この記事は脆弱性"&'<<>\ Advent Calendar 2015の14日目の記事です。

前日の記事はWordPress のsecurity系plugin の Blind SQL injection 脆弱性(CVE-2015-0894) "&'<<>\ Advent Calendar 2015 (13日目) - ooooooo_qの日記です。今日は連続してCVE-2015-0895です。

脆弱性内容

違うCVEが割り振られていますが、報告したのはCVE-2015-0894と同じpluginで、WordPress › All In One WP Security & Firewall « WordPress Pluginsです。
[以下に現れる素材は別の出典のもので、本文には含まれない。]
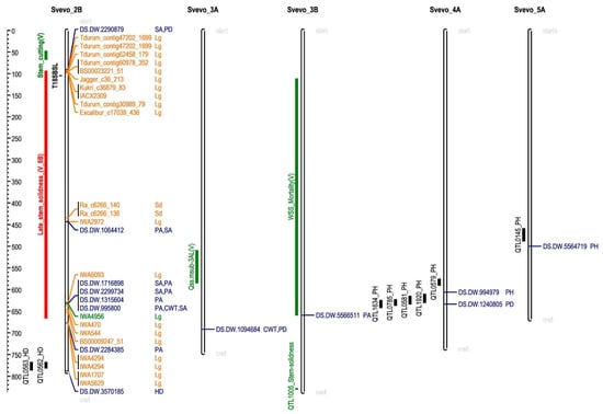 Regarding stem properties, no QTL for stem traits was located in the vicinity of the areas identified in this work with the ‘Svevo’ QTL track. Thus, the GWAS track available at the bread wheat ‘Chinese Spring’ genome browser [35] was explored in looking for markers associated with lodging or stem diameter in the chromosomes where our MTAs are located. After this, the positions of these markers in the ‘Svevo’ genome were identified and compared to our results (Figure 6).

昨日書いた記事の中で、クエリパラメータを受け取ってDELETE文が発行されている箇所がありますが、その際リクエスト元のチェックなどはされていません。

GETでアクセス時にDELETEが発行されるようなURLが存在していると検索エンジンのbotに拾われて、勝手に削除されてしまうなんて話もありますが、この場合はログインが必要なのでそうはなりません。しかし、ログインユーザが以下の様なURLにアクセスしてしまうとテーブルの中身が全部消えてしまいます。

/wp-admin/admin.php?page=aiowpsec_firewall&tab=tab6&action=delete&item[0]=) or 1=1

対象はplugin内で使っているテーブルのみなので、それほど影響は大きくないのですがあまり良くはないですね。